I need some assistance tracking down the cause of a system hang.

The server (no X installed) handles dns, dhcp, and ntp plus file and print sharing via samba. The client mainly notices that the shares are offline and they can't get any work done, but all services are suspended. The monitor is blank and access via ssh is refused. The system does, however, respond to an arping and usually a ping as well. The logs indicate nothing.

There is no magic with magic sysreq - the elephants are very boring and the system does not reboot, it requires a power on reset.

No specific set of circumstances has been identified with the issue. It may run OK for only half an hour, but usually several days to a week. EDIT: should also mention it has only happened during production, never after hours.

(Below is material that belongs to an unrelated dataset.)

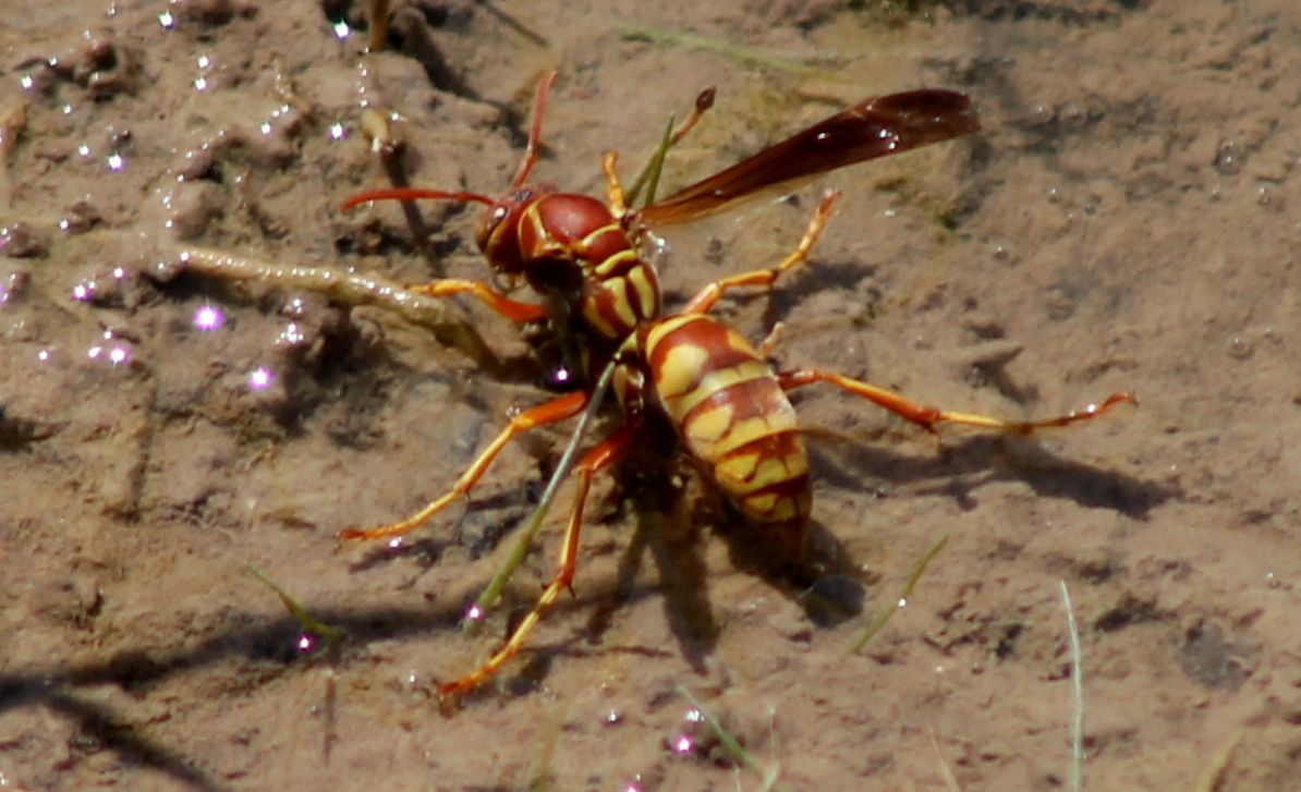 Polistes apachus - drinking from puddle, standing on water using surface tension, in situ in Woodward County, Oklahoma, photo by CalinsDad 25 July 2018. This species is often found drinking in such a fashion. Proliferation of sources of open water due to urbanisation and agriculture has likely been advantageous to this otherwise xeric species. Note this specimen lacks the usual thin two yellow lateral lines on the scutellum.

Thanks for any clues/ideas.

Chris

----------

## Baly

It almost sounds like it may be going OOM, I would suggest you fire off a top job in batch mode dumping to a file every 30 seconds to 5 minutes depending on your preference.  That will at least let you have a look at what was occurring prior to the system becoming unresponsive and may give you some additional insight.  Something like:

top -b -d 30 > top.out &

----------

## pappy_mcfae

 *darkphader wrote:*   

> EDIT: should also mention it has only happened during production, never after hours.
> 
> Thanks for any clues/ideas.
> 
> Chris

 

Herein lies the biggest clue. When was the last time you opened said machine and checked it for dust accumulation, restricted air flow, or the like? Did it start acting this way suddenly, or progressively over time? Have you allowed the server to just sit doing nothing (or being "locked") until it comes back around of its own accord? Do you get excessive hdd light operation during the lockup, or does the hdd light stay off? 

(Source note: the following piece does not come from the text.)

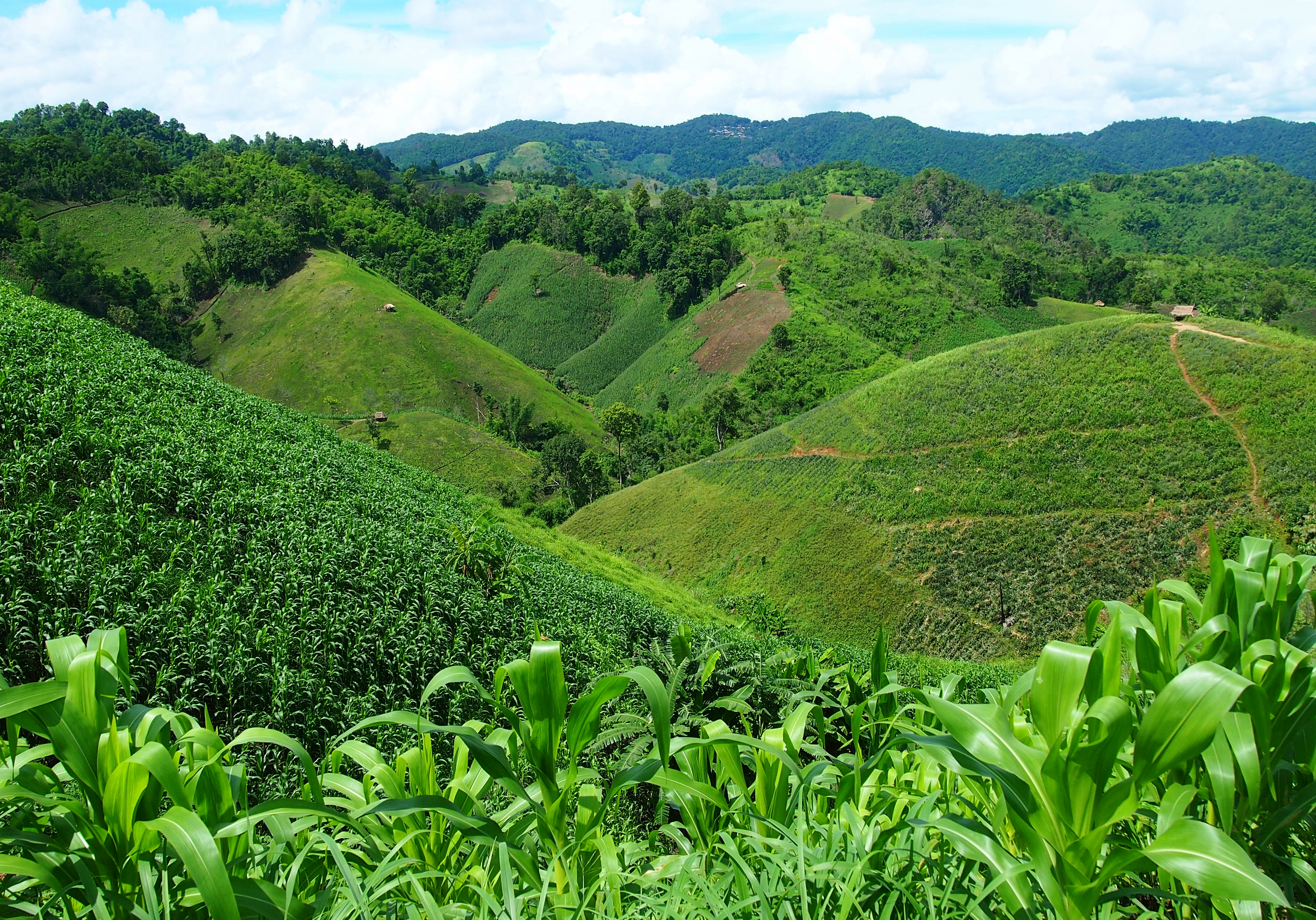 Mae Ai (แม่อาย), Chiang Mai province, Thailand.

Since it is ping-able, that tells me it's not dying completely. However, it is clear that something is putting it under a lot of strain.

Good luck on that.

Blessed be!

Pappy

----------

## darkphader

Thanks for the ideas. I am now running top to see if that will provide any info on a failure. And will also look into the possibility of overheating, although the system is in a rack in a very clean room so I was totally discounting it, but agree it should be examined.

----------

## pappy_mcfae

"Clean" is a relative term. No matter where computers are operated, there will be dust. Computers like dust, especially the cooling fins of the CPU heatsink.

Blessed be!

Pappy

----------